Task prompt => With pictures excluded, copy word for word the lines in the data below from the line containing "由77779193永利集团轻" through the line containing "Idyllic meadow filled".

Input material =>
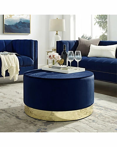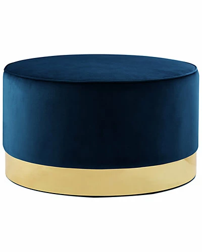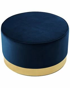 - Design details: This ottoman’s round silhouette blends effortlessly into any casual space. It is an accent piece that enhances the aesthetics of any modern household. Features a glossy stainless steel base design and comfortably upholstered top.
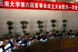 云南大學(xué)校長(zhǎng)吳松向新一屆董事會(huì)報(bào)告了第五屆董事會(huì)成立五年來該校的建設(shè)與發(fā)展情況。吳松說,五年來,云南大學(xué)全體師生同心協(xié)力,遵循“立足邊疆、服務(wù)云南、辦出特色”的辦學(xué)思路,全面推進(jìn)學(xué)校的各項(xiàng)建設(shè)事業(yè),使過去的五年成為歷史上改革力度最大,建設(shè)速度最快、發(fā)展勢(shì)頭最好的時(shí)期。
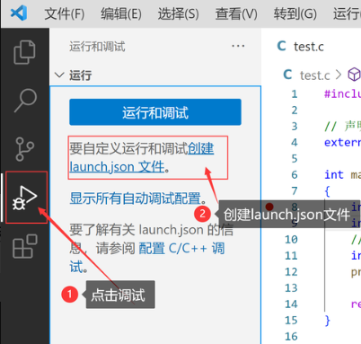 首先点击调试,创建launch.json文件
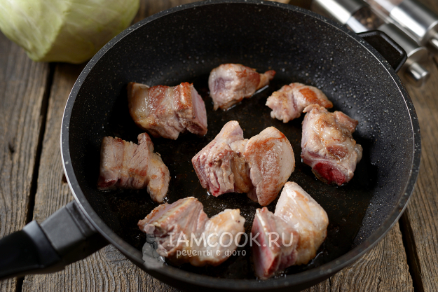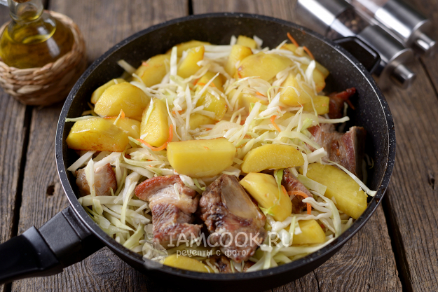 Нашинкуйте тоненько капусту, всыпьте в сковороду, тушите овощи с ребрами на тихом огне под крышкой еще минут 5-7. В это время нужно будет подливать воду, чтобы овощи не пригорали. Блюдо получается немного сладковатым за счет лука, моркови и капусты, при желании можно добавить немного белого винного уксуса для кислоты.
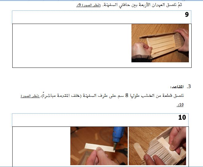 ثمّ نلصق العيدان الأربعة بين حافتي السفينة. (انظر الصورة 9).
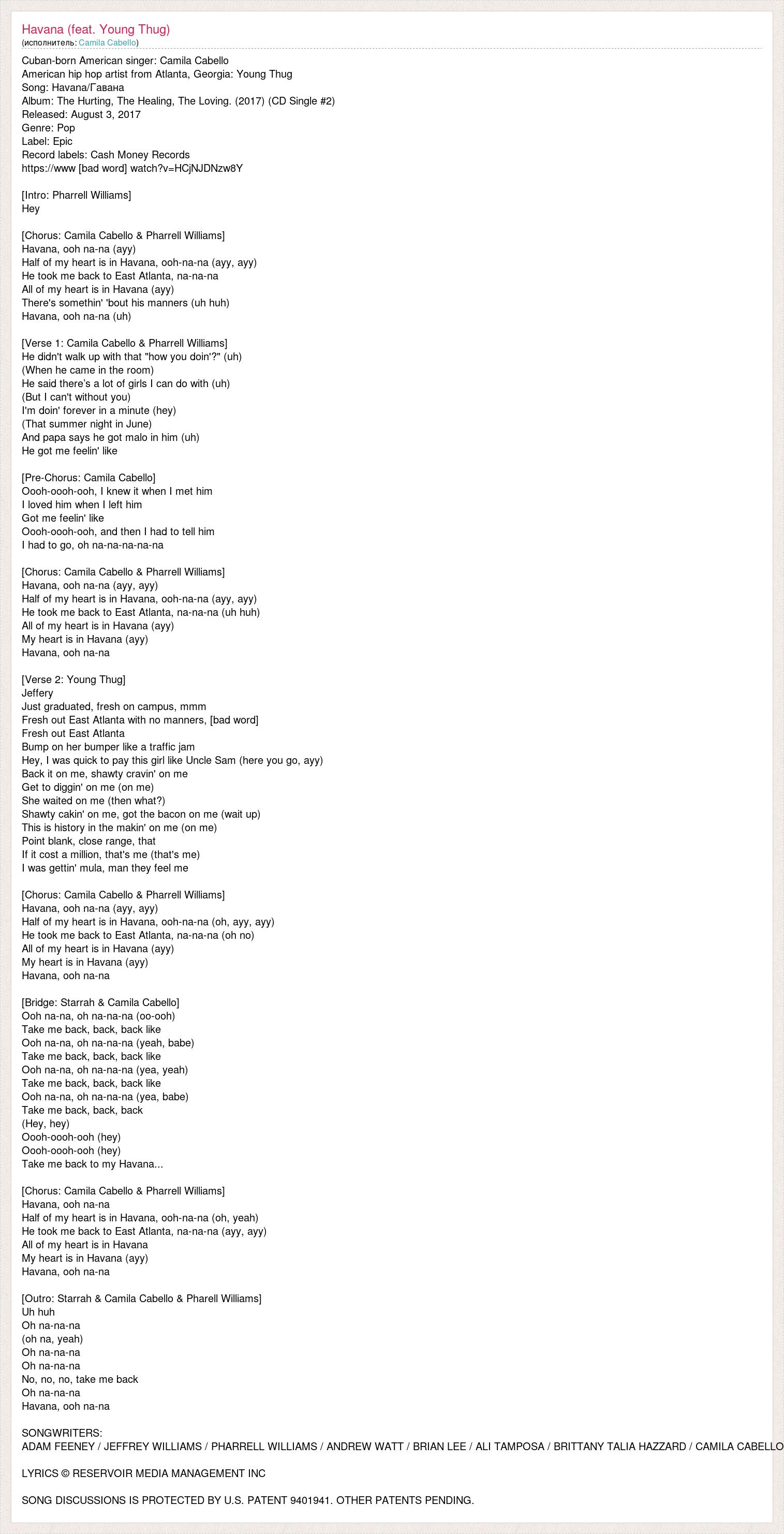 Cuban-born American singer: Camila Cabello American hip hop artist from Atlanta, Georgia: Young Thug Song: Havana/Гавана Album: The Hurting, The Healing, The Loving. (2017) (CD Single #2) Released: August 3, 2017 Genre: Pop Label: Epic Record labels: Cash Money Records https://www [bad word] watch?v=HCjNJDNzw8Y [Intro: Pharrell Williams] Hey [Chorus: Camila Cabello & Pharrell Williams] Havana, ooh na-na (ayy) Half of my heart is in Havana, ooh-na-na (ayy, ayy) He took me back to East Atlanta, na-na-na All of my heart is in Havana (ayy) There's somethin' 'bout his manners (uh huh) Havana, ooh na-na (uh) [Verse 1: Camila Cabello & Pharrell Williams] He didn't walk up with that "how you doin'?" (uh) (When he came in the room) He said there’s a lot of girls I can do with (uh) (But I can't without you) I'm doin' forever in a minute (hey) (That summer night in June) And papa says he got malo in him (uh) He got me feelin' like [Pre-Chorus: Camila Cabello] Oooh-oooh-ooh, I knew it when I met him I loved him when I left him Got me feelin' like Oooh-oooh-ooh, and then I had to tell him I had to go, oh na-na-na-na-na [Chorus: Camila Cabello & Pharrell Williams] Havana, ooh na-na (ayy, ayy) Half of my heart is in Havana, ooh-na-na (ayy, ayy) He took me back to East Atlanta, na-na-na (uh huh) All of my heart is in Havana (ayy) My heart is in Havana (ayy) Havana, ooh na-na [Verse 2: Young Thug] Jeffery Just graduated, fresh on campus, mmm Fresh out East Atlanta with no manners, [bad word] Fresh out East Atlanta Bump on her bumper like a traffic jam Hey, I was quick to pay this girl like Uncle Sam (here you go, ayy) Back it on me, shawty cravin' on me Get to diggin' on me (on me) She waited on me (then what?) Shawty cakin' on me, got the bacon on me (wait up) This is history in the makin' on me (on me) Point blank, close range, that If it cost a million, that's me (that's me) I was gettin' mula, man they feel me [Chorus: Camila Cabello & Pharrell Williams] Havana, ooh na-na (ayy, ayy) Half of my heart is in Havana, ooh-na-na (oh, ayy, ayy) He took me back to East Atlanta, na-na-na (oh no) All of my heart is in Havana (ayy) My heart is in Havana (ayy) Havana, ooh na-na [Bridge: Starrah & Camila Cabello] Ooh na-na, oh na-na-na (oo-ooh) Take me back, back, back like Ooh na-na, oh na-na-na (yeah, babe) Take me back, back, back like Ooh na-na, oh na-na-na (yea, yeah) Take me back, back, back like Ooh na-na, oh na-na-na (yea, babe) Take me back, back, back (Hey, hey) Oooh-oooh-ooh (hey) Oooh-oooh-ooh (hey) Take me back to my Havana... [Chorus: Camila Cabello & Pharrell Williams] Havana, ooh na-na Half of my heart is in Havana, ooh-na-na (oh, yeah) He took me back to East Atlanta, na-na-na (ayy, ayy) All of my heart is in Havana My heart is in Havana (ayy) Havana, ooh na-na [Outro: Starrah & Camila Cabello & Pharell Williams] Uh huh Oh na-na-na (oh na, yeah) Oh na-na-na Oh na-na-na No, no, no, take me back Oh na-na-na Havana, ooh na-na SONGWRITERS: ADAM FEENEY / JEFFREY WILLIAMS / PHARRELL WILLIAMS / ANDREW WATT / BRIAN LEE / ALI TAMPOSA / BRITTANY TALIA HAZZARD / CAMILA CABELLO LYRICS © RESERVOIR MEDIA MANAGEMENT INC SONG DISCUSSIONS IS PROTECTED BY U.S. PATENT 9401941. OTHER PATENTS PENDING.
--
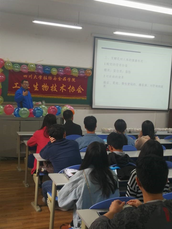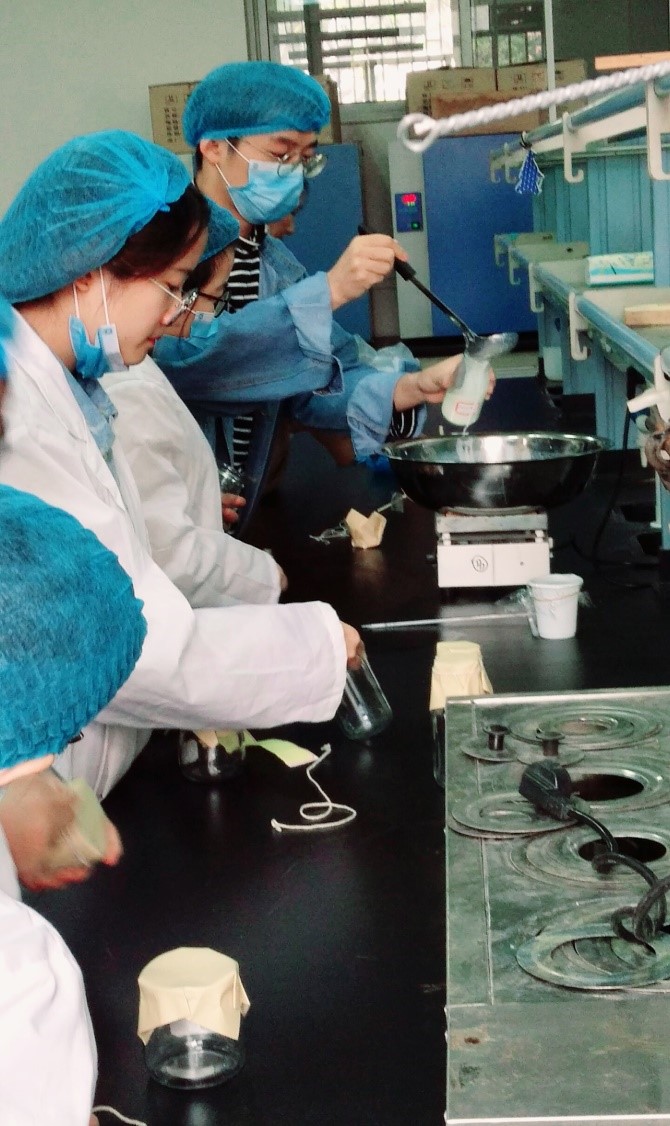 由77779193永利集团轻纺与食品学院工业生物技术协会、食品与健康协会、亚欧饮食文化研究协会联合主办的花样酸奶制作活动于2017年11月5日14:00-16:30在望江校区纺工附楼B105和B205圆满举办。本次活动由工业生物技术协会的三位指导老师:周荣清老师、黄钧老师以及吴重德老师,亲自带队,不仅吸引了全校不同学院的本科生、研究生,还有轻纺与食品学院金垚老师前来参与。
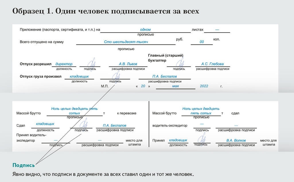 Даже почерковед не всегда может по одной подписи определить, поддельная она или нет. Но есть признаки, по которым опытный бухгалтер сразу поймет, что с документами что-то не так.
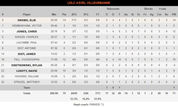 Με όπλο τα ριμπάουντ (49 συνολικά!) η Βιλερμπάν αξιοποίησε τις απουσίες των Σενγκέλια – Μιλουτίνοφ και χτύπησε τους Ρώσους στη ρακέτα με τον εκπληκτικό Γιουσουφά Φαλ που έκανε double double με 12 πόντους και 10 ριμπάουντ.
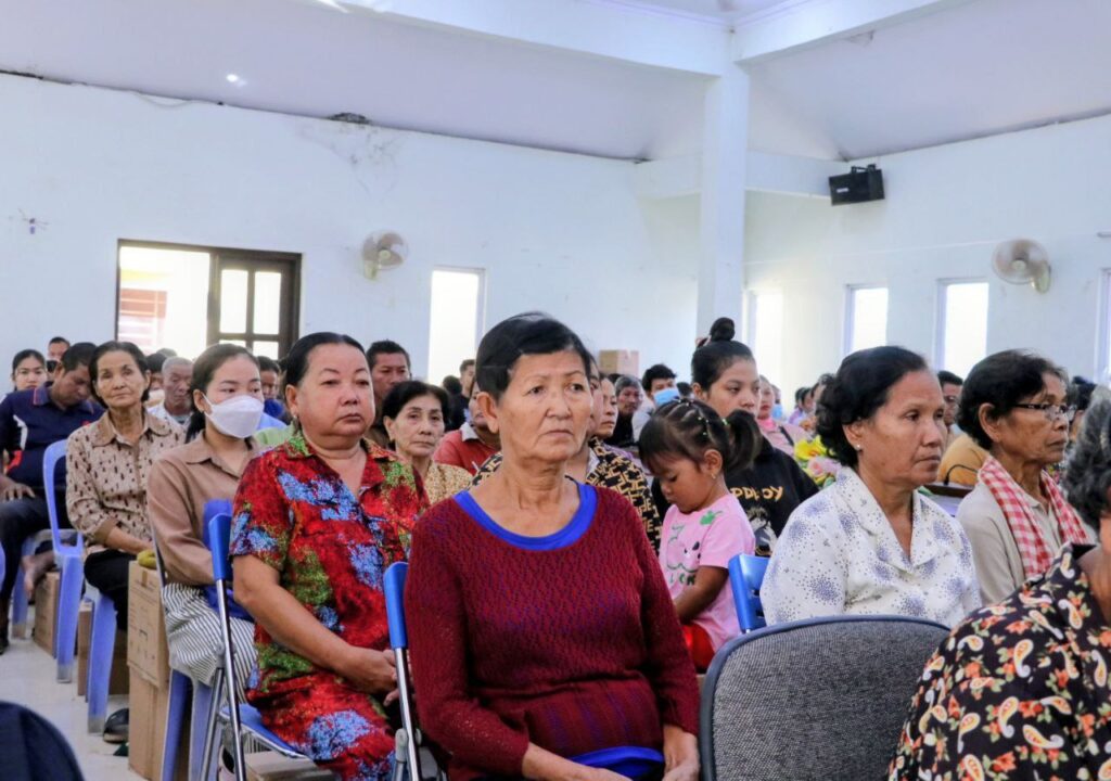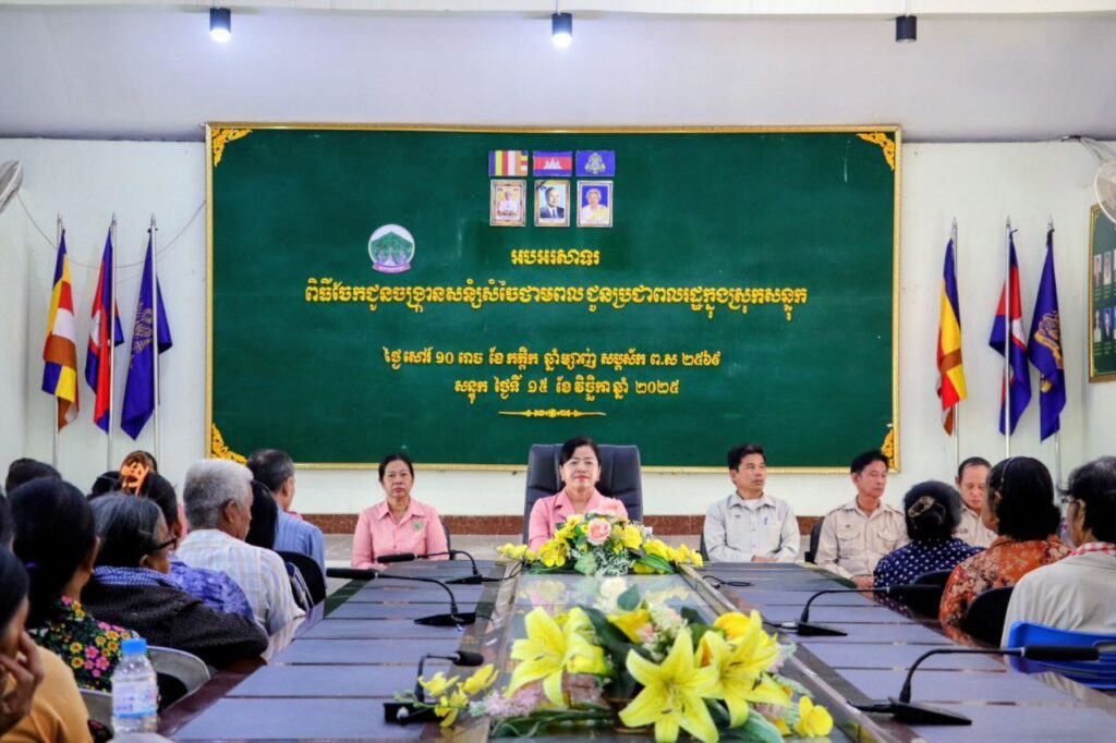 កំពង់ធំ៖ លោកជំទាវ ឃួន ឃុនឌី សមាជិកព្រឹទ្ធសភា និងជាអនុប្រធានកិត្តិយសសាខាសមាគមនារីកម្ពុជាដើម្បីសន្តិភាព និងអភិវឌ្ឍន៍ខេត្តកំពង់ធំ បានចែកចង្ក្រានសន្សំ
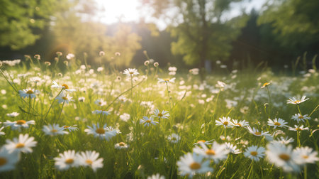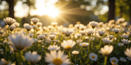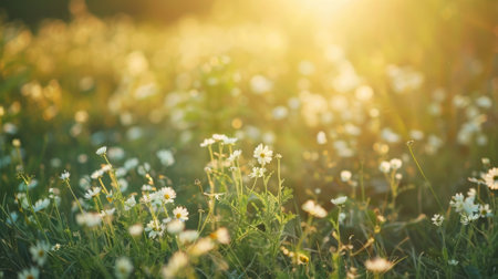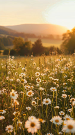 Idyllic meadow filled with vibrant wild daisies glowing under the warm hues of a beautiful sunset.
---
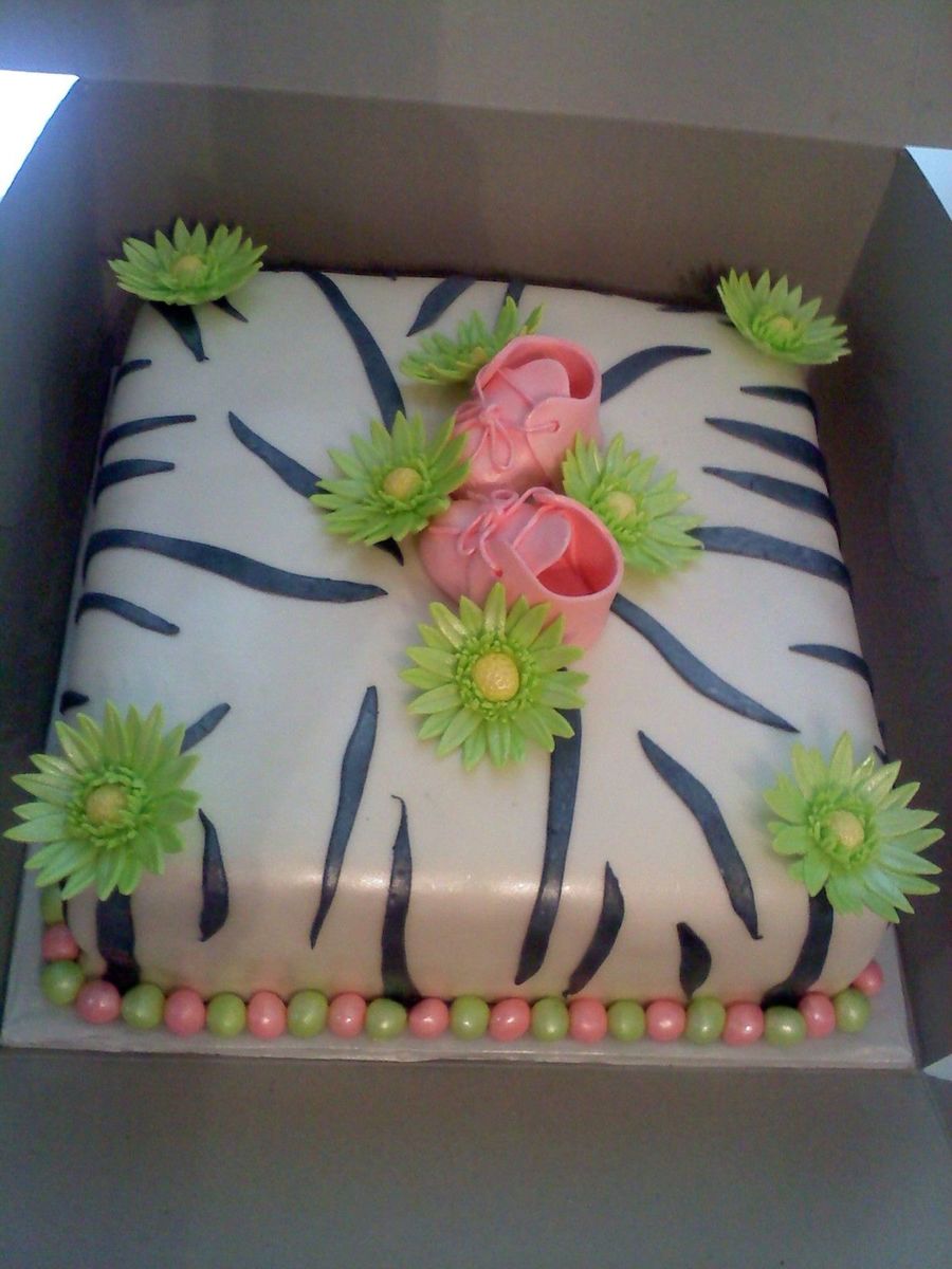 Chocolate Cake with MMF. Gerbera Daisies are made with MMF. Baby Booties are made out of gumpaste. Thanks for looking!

Solution below =>
 由77779193永利集团轻纺与食品学院工业生物技术协会、食品与健康协会、亚欧饮食文化研究协会联合主办的花样酸奶制作活动于2017年11月5日14:00-16:30在望江校区纺工附楼B105和B205圆满举办。本次活动由工业生物技术协会的三位指导老师:周荣清老师、黄钧老师以及吴重德老师,亲自带队,不仅吸引了全校不同学院的本科生、研究生,还有轻纺与食品学院金垚老师前来参与。
 Даже почерковед не всегда может по одной подписи определить, поддельная она или нет. Но есть признаки, по которым опытный бухгалтер сразу поймет, что с документами что-то не так.
 Με όπλο τα ριμπάουντ (49 συνολικά!) η Βιλερμπάν αξιοποίησε τις απουσίες των Σενγκέλια – Μιλουτίνοφ και χτύπησε τους Ρώσους στη ρακέτα με τον εκπληκτικό Γιουσουφά Φαλ που έκανε double double με 12 πόντους και 10 ριμπάουντ.
 កំពង់ធំ៖ លោកជំទាវ ឃួន ឃុនឌី សមាជិកព្រឹទ្ធសភា និងជាអនុប្រធានកិត្តិយសសាខាសមាគមនារីកម្ពុជាដើម្បីសន្តិភាព និងអភិវឌ្ឍន៍ខេត្តកំពង់ធំ បានចែកចង្ក្រានសន្សំ
 Idyllic meadow filled with vibrant wild daisies glowing under the warm hues of a beautiful sunset.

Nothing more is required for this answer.